- _TASK DIRECTIONS_:
Print verbatim the lines from the beginning of the entries through the line containing "8280宝兰变紫红金变色龙粉", both ends included. Pictures should be left out.

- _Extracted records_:
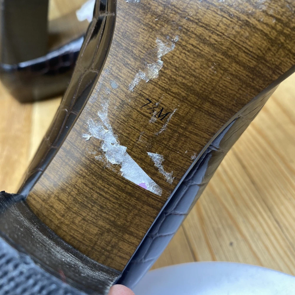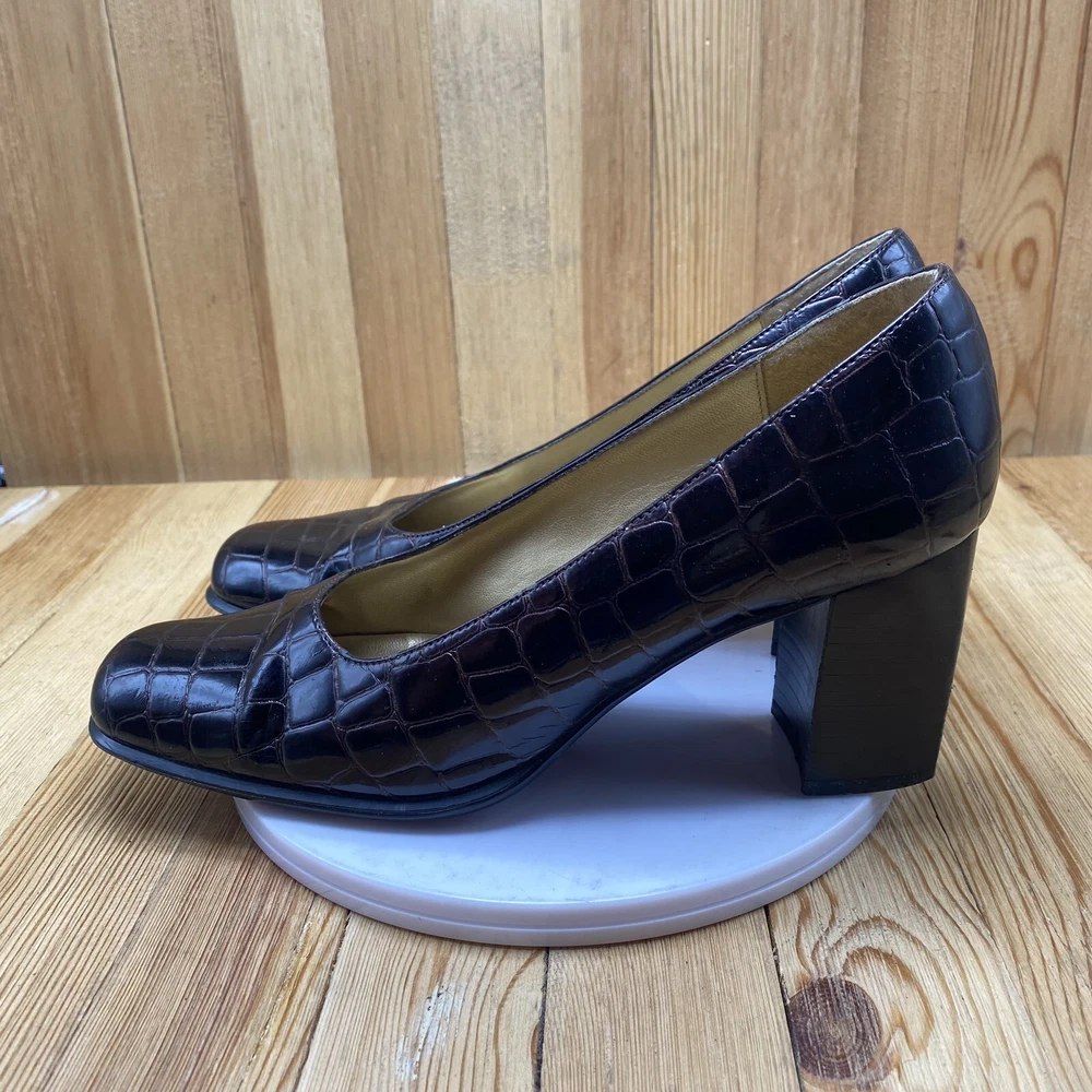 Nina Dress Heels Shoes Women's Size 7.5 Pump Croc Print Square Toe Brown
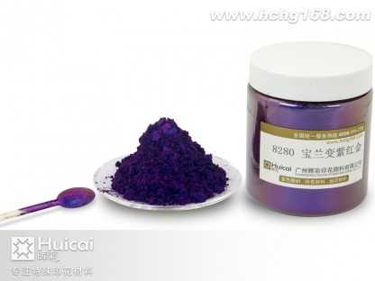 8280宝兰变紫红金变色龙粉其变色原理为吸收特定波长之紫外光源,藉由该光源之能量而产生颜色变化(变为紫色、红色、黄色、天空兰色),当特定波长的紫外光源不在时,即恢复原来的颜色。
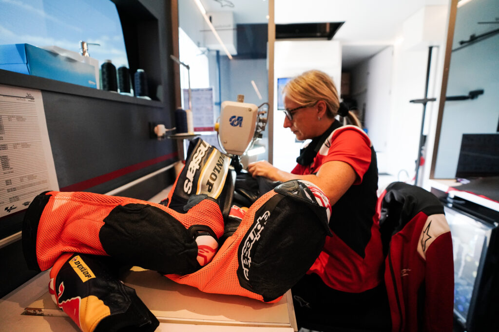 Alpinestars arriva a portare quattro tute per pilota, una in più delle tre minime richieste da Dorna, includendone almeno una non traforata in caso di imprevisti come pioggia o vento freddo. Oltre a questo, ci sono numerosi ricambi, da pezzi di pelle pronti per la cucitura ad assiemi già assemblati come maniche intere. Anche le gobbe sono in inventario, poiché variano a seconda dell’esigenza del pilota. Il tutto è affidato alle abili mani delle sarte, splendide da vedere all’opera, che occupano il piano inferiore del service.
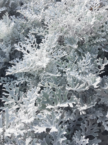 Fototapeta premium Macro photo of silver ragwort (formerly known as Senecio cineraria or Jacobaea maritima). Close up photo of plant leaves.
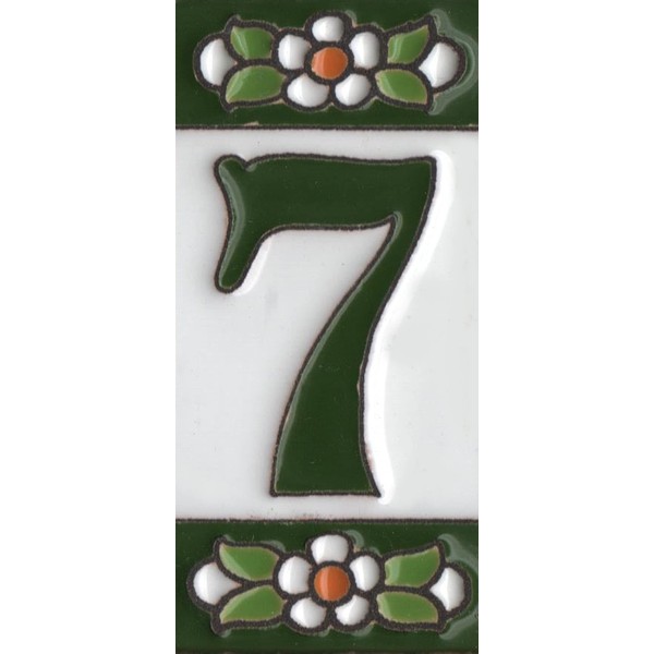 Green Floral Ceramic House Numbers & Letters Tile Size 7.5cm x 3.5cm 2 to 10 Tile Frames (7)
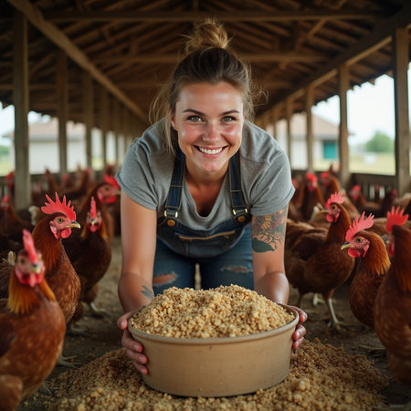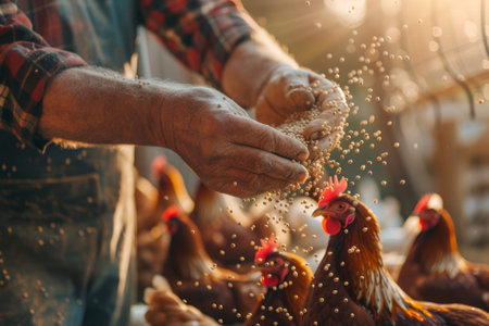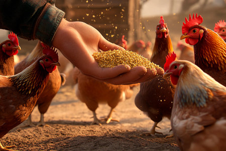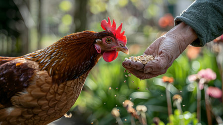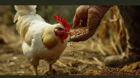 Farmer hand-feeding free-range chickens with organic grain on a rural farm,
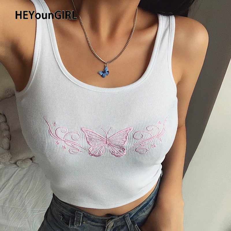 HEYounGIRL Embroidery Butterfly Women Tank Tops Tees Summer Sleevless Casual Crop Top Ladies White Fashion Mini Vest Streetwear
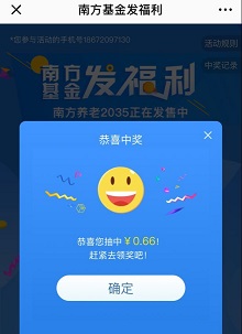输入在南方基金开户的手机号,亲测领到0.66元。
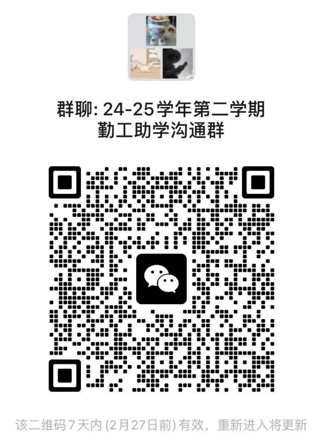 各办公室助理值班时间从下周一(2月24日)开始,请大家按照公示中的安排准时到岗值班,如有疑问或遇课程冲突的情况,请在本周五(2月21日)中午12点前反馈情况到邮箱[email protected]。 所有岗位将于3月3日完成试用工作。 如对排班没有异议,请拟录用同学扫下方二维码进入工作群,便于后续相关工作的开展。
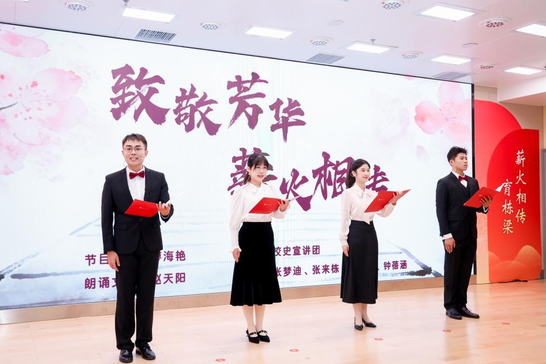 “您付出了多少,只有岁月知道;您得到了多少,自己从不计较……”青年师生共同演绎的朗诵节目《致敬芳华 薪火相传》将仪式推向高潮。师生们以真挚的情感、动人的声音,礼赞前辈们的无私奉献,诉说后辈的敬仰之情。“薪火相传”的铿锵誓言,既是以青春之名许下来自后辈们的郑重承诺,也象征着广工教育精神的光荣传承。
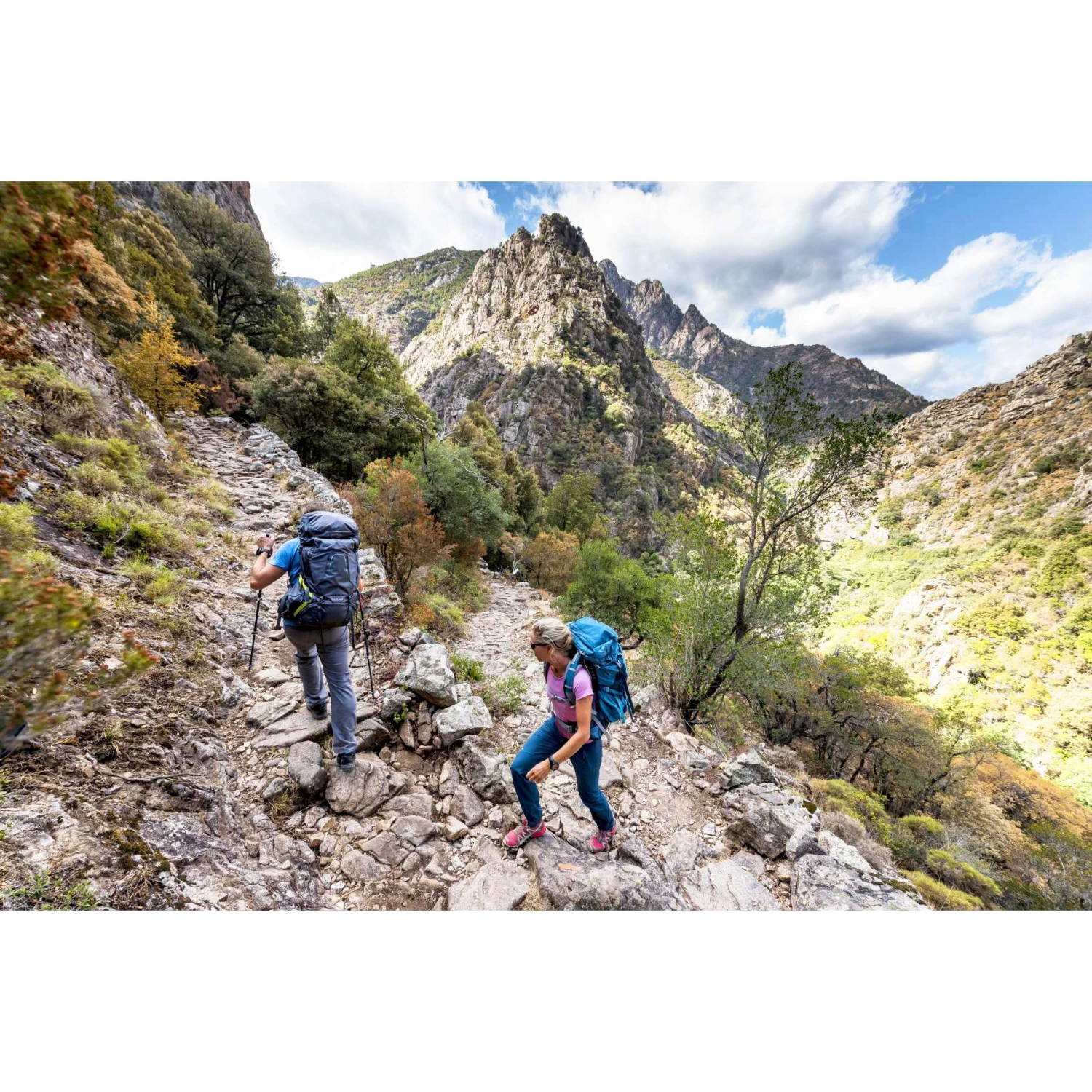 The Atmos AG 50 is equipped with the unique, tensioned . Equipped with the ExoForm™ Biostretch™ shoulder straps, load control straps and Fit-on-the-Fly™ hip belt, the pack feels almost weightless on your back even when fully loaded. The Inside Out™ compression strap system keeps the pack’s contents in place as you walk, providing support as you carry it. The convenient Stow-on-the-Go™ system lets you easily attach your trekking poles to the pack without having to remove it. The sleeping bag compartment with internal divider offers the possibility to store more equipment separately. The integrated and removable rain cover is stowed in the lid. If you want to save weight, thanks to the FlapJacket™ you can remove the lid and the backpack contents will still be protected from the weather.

- _FINISHED EXERCISE_:
 Nina Dress Heels Shoes Women's Size 7.5 Pump Croc Print Square Toe Brown
 8280宝兰变紫红金变色龙粉其变色原理为吸收特定波长之紫外光源,藉由该光源之能量而产生颜色变化(变为紫色、红色、黄色、天空兰色),当特定波长的紫外光源不在时,即恢复原来的颜色。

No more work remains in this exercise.